Explanation behind arithmetic pointer post increment output in C

Question

void x(){

     int x[] = {9, 8, 7, 6, 5, 4, 3, 2, 1}; 
     int *p = x + 1;

         while (*p++ >5)
         printf ("%d ", *p); 
         printf ("\n");

}

Output: {7, 6, 5}

I wanted to double check my rationale behind what the proper output for this is, given the precedence and associativity in C.

When the function is called, it executes top down, taking no arguments.

First we have an array x of 9 elements.

Second we have a pointer p, which points to element x[1];

Third, we jump into the while loop, which is true for everytime *p++ > 5. What is evaluated first here is post incrementing the address of p++, so for the first element x[1], we have a value of 8 which is greater than 5, so p is incremented (p++ = x[2] = 7) x[2] = 7 becomes the new *p value (since it points to x[2] now) and 7 is printed.

Next we have 7 which is greater than 5, p is incremented (p++ = x[3] = 6) so 6 is printed and then we have 6 which is still greater than 5, p is incremented (p++ = x[4] = 5) so 5 is printed, we have so far {7, 6, 5} printed.

Then we evaluate the position of x[4] which is 5, which is not greater than 5, so we jump out of the while loop and ends up with the output. {7, 6, 5}.

Is my reasoning for this question correct?

Answer 1

*p++ -> post increment/pre increment operator is having high precedence level than dereference operator.
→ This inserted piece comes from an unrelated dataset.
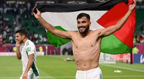 برز حسين بن عيادة، مدافع المنتخب الوطني، في نهاية لقاء ربع النهائي ضد منتخب المغرب، برفعه العلم الفلسطيني، برفقة عدد من اللاعبين.

First pointer p is incremented. If it is pre increment operator than p is incremented to next address and then pointer is dereferenced. But in case of post increment the pointer increment will be postponed until the pending operation on the pointer p is completed i.e. dereferencing operation.

Your understanding is correct.

Answer 2

Is my reasoning for this question correct?

Yes, aside from step 3.

while (*p++ >5)

*p++ > 5 retrieves the value of p: the first time a pointer to x[1] or 8. That original value of p is used to de-referenced and fetch the int 8. 8 is compared to 5.
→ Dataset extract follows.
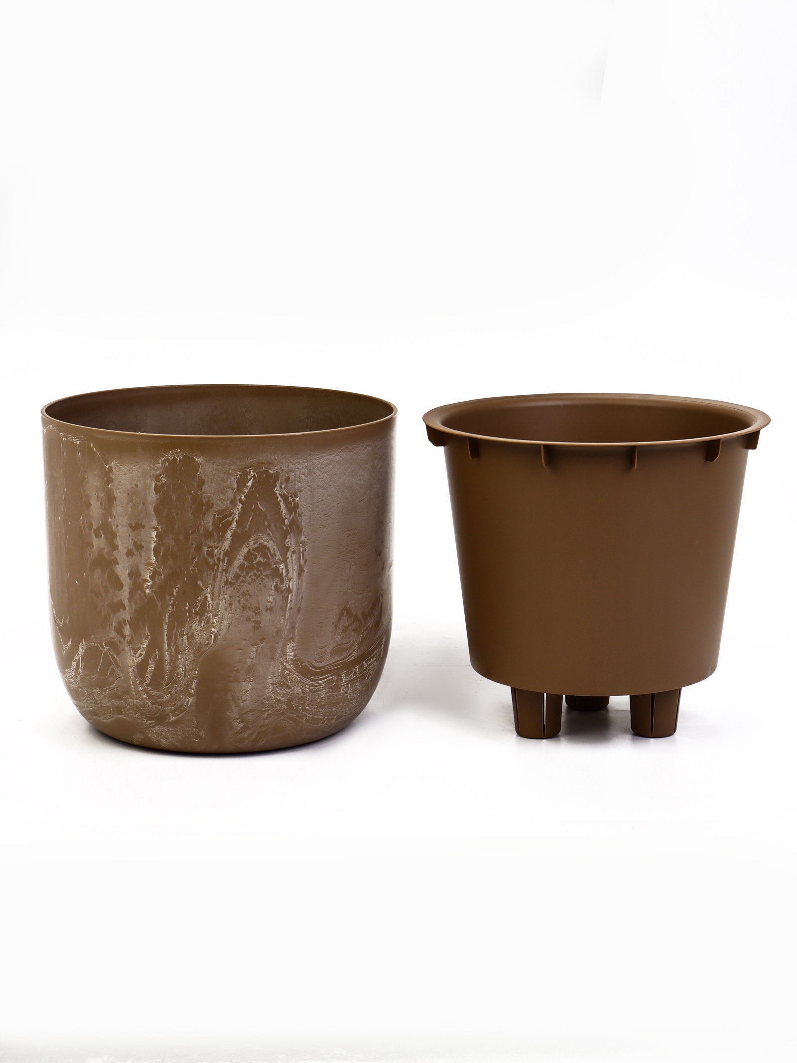 Кашпо для цветов "Микрит", 7.8 л, d=28 см, h=25.5 см, со вставкой, пластиковое, бежевое, 28 см., IDEA, Россия

Sometime during the above, p is incremented - before the next sequence point. C does not specify when the that happens other than the value used to de-reference was the original value of pointer p.

Answer 3

Postfix increment/decrement have high precedence, but the actual increment or decrement of the operand is delayed (to be accomplished sometime before the statement completes execution). So in the statement y = x * z++; the current value of z is used to evaluate the expression (i.e., z++ evaluates to z) and z only incremented after all else is done

Answer 4

Is my reasoning for this question correct?

Since the lines

 while (*p++ >5)
     printf ("%d ", *p);

in a more simple form is equivalent to

 while (*p >5)
 {
     p = p + 1;           // Or: p++; Or: ++p;
     printf ("%d ", *p);

 }

then yes, your reasoning is correct

If you are at beginner level I'll recommend that you avoid using pre-increment (++x) and post-increment (x++) in complex expressions. They are the cause of so many beginner mistakes. Only use them as single expressions. Keeping things simple, avoids many bugs.

Answer 5

You can imagine the while statement

while (*p++ >5)

the following way

while ( 1 )
{
    int *tmp = p;
    ++p;
    int value = *tmp;

    if ( !( value > 5 ) ) break; 
    //...
}

As you can see neither element of the array is changed.
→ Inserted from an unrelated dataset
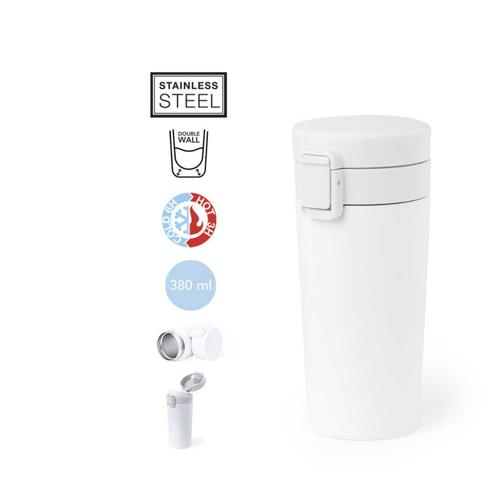 Der Wärme Trinkbecher Jorlens ist die perfekte Wahl für alle, die eine Kombination aus praktischer Funktionalität und stilvollem Design suchen. Mit einem Fassungsvermögen von 380 ml bietet er genug Platz für heiße und kalte Getränke und sorgt dank der doppelwandigen Isolierung aus rostfreiem Stahl für eine lange Temperaturhaltung.

Initially p points to x[1]. So the value of x[1] is compared with 5 while the pointer p itself moves one position right and inside the body of the loop it points to x[2] and the value of x[2] is outputted. And so on.

Take into account that the postincrement operator has higher priotity than the dereferencing operator and the value of the postincrement operator is the value of its operand before incrementing.

Consider also this simple demonstrative program.

#include <stdio.h>

int main(void) 
{
    int a[] = { 1, 2 };
    int *p = a;

    printf( "%d\n", *p++ );
    printf( "%d\n", *p );

    return 0;
}

Its output is

1
2